Objective: To clinically compare the efficacy of treatment of periodontitis with Periodontal Plus Ab (Tetracycline Fibers) and 0.2% hyaluronic acid gel.

Methodology: A randomized controlled trial was conducted involving 70 patients diagnosed with moderate to severe periodontitis. The patients were randomly assigned to two treatment groups: Group A received SRP along with Periodontal Plus Ab (Tetracycline Fibers), while Group B received SRP along with 0.2% hyaluronic acid gel. Clinical parameters including probing pocket depth (PPD), clinical attachment level (CAL), plaque index (PI) and gingival index (GI) were recorded at baseline and at 3-month follow-up appointments.

RESULTS: Both treatment groups demonstrated significant improvements in PPD, CAL, and GI scores from baseline to the 3-month follow-up. However, there were no statistically significant differences between the two groups in terms of mean reduction in PPD, gain in CAL, or reduction in GI (p > 0.05). Furthermore, both tetracycline fibers and 0.2% hyaluronic acid gel were well-tolerated by the patients with no adverse effects reported.

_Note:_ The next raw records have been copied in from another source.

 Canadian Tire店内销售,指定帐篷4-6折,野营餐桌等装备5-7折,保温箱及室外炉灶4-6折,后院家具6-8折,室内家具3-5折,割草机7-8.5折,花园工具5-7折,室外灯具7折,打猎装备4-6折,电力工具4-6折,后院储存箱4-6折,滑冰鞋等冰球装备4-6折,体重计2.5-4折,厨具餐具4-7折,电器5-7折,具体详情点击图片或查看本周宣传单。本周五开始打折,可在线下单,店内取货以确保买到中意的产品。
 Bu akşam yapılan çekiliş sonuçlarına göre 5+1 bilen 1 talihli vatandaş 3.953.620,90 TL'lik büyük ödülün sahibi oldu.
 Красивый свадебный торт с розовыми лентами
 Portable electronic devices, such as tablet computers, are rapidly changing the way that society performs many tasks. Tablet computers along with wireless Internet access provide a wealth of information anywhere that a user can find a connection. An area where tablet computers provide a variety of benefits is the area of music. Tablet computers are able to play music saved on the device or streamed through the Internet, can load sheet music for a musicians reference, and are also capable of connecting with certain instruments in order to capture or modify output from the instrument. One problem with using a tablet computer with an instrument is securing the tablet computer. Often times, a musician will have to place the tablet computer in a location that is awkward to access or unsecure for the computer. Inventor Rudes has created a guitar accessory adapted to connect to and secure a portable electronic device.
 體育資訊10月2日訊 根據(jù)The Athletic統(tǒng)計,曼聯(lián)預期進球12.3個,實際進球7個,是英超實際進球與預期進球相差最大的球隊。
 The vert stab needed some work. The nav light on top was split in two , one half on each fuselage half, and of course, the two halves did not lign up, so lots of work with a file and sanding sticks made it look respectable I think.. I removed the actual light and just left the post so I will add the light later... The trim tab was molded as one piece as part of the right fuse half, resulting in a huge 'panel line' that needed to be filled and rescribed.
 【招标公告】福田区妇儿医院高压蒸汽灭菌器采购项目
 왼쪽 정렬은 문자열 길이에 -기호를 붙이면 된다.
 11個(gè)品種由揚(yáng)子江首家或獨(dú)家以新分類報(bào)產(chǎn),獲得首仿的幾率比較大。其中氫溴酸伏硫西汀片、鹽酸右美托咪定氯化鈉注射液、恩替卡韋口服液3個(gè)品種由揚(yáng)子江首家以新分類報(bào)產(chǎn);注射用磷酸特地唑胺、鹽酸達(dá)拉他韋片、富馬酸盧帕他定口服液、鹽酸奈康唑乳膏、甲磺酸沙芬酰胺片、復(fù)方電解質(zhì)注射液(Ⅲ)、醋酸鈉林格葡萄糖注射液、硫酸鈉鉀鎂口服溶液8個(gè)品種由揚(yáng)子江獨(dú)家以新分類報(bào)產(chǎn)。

Conclusion: The findings of this study suggest that both Periodontal Plus Ab (Tetracycline Fibers) and 0.2% hyaluronic acid gel are effective adjuncts to SRP in the treatment of periodontitis. However, no significant differences were observed between the two LDD agents in terms of clinical outcomes. Further research with larger sample sizes and longer follow-up periods may be warranted to confirm these findings and elucidate the long-term efficacy and safety of these LDD modalities in periodontal therapy.